When does your app need it?

  • You're selling to customers outside Australia and want to reduce friction by charging in their local currency
  • Your product is priced in USD (common for SaaS products targeting a global market) but you're an Australian entity
  • You have a marketplace with buyers and sellers across multiple countries
  • You want to display localised pricing on your marketing site and in-app based on the user's location
  • Your enterprise customers require invoicing in their local currency as a procurement requirement
  • You're expanding from an Australian-only product to a regional or global offering and want pricing to reflect local market rates

How much does it cost?

Adding multi-currency support typically adds 5–11 hours of development — roughly $1,000–$2,000 AUD.

At the lower end: displaying prices in a small number of fixed currencies using static exchange rates stored in configuration, with Stripe handling the actual currency conversion at checkout. The user selects their currency, prices are displayed using a stored rate, and Stripe charges in the selected currency.

At the higher end: live exchange rates fetched from a provider like OpenExchangeRates or Fixer.io (updated periodically and cached), a currency selector with geolocation-based defaults, correctly formatted currency display for each locale (e.g., "US$1,200" vs "£1,200" vs "1.200 €"), GST exclusion logic for international customers, and multi-currency invoice generation showing the charged currency and the AUD equivalent.

How it's typically built

Monetary storage: all amounts in the database are stored as integers in the minor unit of the currency (cents for AUD/USD, pence for GBP). This avoids floating-point rounding errors entirely. A currency column accompanies every amount column. Never store or calculate with floating-point values for money.

Exchange rates can be either static (manually maintained configuration, appropriate for a small number of currencies that don't change often) or live (fetched from OpenExchangeRates or Fixer.io, cached in your database and refreshed hourly or daily). Live rates mean prices fluctuate with the market — some businesses prefer fixed rates to avoid unexpected changes.

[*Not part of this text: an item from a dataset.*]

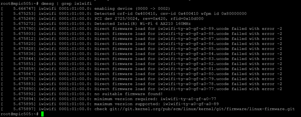 In meinem Beispiel ist zu erkennen, dass iwlwifi-ty-a0-gf-a0* fehlt. Es genügt hier, die neuste Version zu holen und zu installieren.

Stripe multi-currency: Stripe supports charging in 135+ currencies. You create a PaymentIntent specifying the currency and amount in that currency's minor unit. Stripe converts and settles in your account's default currency (AUD for Australian accounts). Be aware of Stripe's currency conversion fee (currently 2% for automatic conversion) — this affects your net margin on international sales.

Presentment vs settlement: display prices and generate invoices in the presentment currency. For reporting and internal accounting, always record the settlement amount in AUD alongside the presentment amount and exchange rate used.

GST on international sales: under Australian GST rules, most exported services to non-Australian businesses (B2B) are GST-free. Sales to overseas consumers (B2C) may attract GST under the digital services rules if your turnover exceeds the threshold. Confirm with your accountant what applies to your specific business model.

Questions to ask your developer

  • Are monetary amounts stored as integers in the database? Floating-point storage for money leads to rounding errors. All amounts should be stored as integer minor units (cents).
  • Static or live exchange rates? Static rates are simpler and more predictable; live rates are more accurate but prices can fluctuate. Which fits your pricing strategy?
  • How is the customer's currency determined? Geolocation, explicit selection, or account setting — and can the user override it?
  • How does GST interact with international customers? Confirm that tax logic correctly identifies exports and applies (or excludes) GST appropriately.
  • How is multi-currency handled in invoices and reporting? Invoices should show the charged currency; financial reports need AUD equivalents for tax purposes.